An intradisc sizer as has been described may be used by first accessing the intradisc space. Preferably, this may be done in a minimally invasive fashion in order to avoid perturbing adjacent tissues and in order to reduce a patient's recovery time. Then, the distal end of the intradisc sizer may be advanced to a position proximate to the intradiscal space. Alternatively, the distal end of the intradisc sizer may be inserted slightly into the intradiscal space. The actuator mechanism may be activated in order to cause the measuring mechanism of the device to protrude out of the distal end of the longitudinal element and attain an expanded state in the intradiscal space.
While the measuring mechanism is in an expanded state, the intradiscal space may be imaged using, for example, a fluoroscopic imaging technique. It may be advantageous to include a dimensional reference in the image in order to normalize the dimensions of the image.

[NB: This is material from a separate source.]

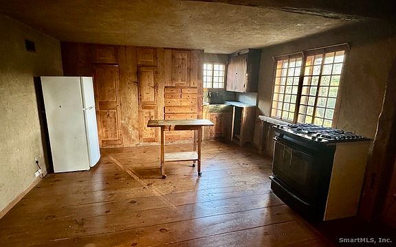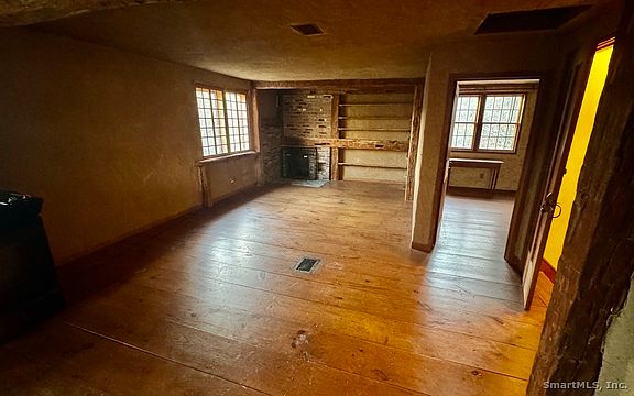 Inside, the apartment features rustic New England charm with wide-plank wood floors, original woodwork, built-ins for storage, and unique old-world details throughout. The spacious kitchen includes handcrafted cabinetry, a farmhouse-style stone sink, and large windows that fill the space with natural light. The oversized bathroom features classic vintage tile and a full tub/shower. A cozy bedroom sits just off the main living area.

The relevant dimensions of the expanded measuring mechanism obtained thereby may be compared to the known dimensions of the measuring mechanism in its fully expanded state in order to determine if the intradisc sizer has been able to fully expand. The intradisc sizer then may be deactivated so that the measuring mechanism returns or contracts to a compressed state and recedes into the longitudinal element. The intradisc sizer then may be retracted from its position proximate to or inside of the intradiscal space.
If the first intradisc sizer is not able to attain a fully expanded state, then the process may be replicated with a subsequently smaller sizers until a sizer is found that can expand to its fully expanded state. Similarly, if the first intradisc sizer is able to reach its fully expanded state, then the process may be repeated with subsequently larger sizers until a sizer is found that cannot reach its fully expanded state within the confines of the intradiscal space. In either case, the approximate measurement of the relevant dimension of the intradiscal space can be determined by this trial-and-error method.
The foregoing detailed description is provided to describe the invention in detail, and is not intended to limit the invention. Those skilled in the art will appreciate that various modifications may be made to the invention without departing significantly from the spirit and scope thereof.